In contrast to Ron, Kevin Banfield (Towson,MD) was a short stocky iron worker who sold insurance on the side and did youth ministry for free. He and his wife Mary-Beth were a team. Kevin would share a devotional and Mary-Beth would reaffirm it with an object lesson. Kevin also worked at a typical program driven church with Sunday School, Wednesday night Bible study, youth choir, etc… Kevin, like Ron, did many big events. Further, Kevin and his family dedicated every Friday night to the youth group. They opened the gym at the church every Friday from 7-11pm. Kevin would sit in a chair in our youth room and just listen to students. Nothing was planned, nothing was programmed, occasionally he had a game to play. At 10pm he would call everyone into the youth room for a 15 minute devotional. There was little to no organization and it was AWESOME!

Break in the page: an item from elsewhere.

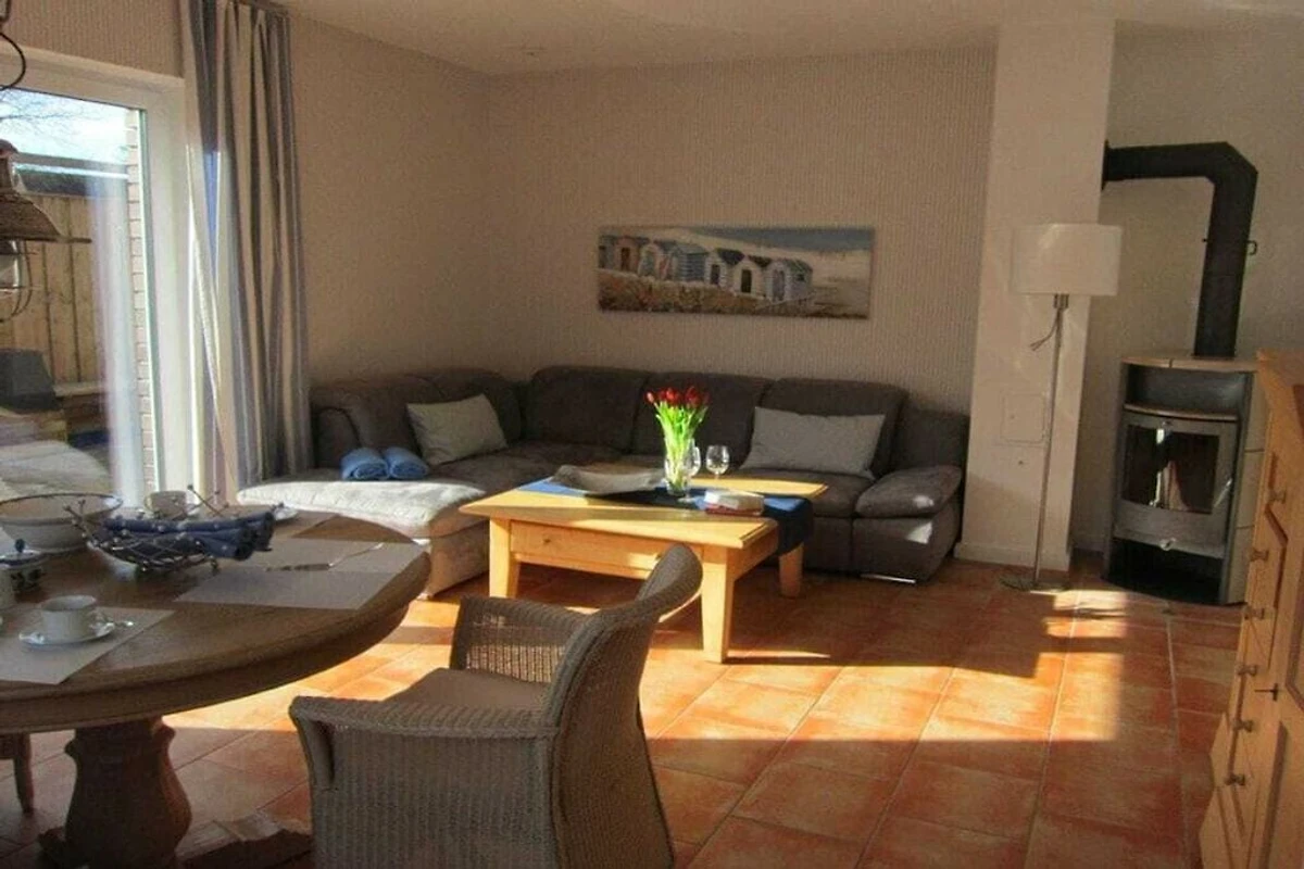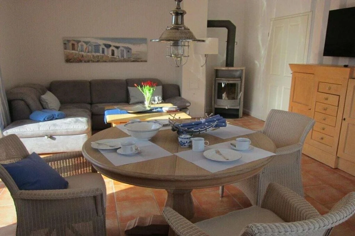 Eine komfortable Eckgarnitur und der großen Flachbild-Smart-TV laden zum Entspannen ein. Ein weiteres Highlight ist der Kaminofen. Sie finden Spiele- und Bücherauswahl vor.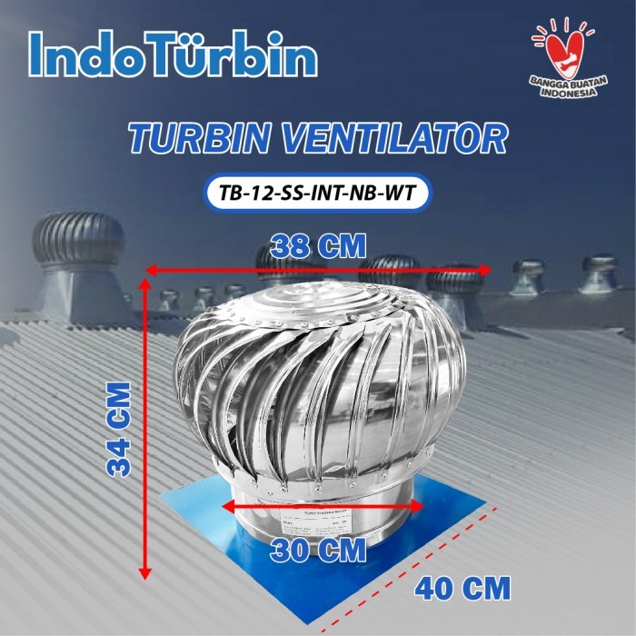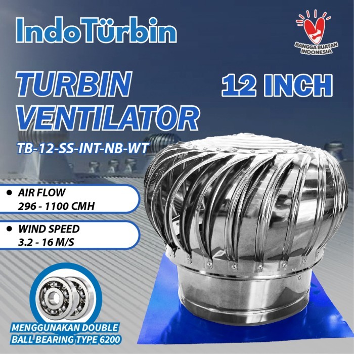 Turbin Ventilator 12 Inch Turbine Roof Fan Ventilasi Exhaust Atap Rumah Pabrik 12" IndoTurbin

Kevin never locked his door, his door was always open, and he never turned you away. If his door was locked, the key would be in the bird bath or some other, not so obscure, hiding place. (not to mention you could unlock most things in his house and even start his car with a screwdriver.) He would sit and listen to students talk for hours, he would occasionally remind me that I shouldn’t tell girls to “suck it up, we got a job to do,” he was just kind of there. He loved us and we knew it. Kevin was not a fantastic teacher. He was not a deep theologian. He was not consistently organizing things for us to do (or at least that wasn’t the crux of his ministry). Kevin was not a man who you heard preach and said, “I’d like to listen to some more of that!” No… Kevin was the guy who sat in a chair and listened and laughed with you as you talked about whatever. He loved his wife and you could see it because you were around them. He made you feel like you were loved and he could pretty much listen to whatever you said without making you feel horrible. Then he would challenge you with some question like, “How can we encourage (insert name of person you just ignored) to be like Jesus?”
Kevin is the reason I take students to lunch. He is the one who taught me that the relationships you can develop with a few students are far more powerful in the kingdom than the sermon you can preach to 60. Sometimes I forget this truth and become absorbed with teaching. But, something always reminds me of sitting on that ratty furniture in our youth room talking to Kevin about Jesus while simultaneously feeling deep conviction over my selfish living. So I try to take students individually to get sodas from time to time. Just to listen and occasionally to deal with some issue. (Just a side note: if you’re wondering why I’ve never taken your child out, just give me time… or you can ask me to. Likewise, you can ask me not to, some parents prefer that, I won’t be offended. Also, I ask other female leaders in the church to take out the girls. It’s just not right for a man, who is not her father, to take a 15 year old girl for a soda.)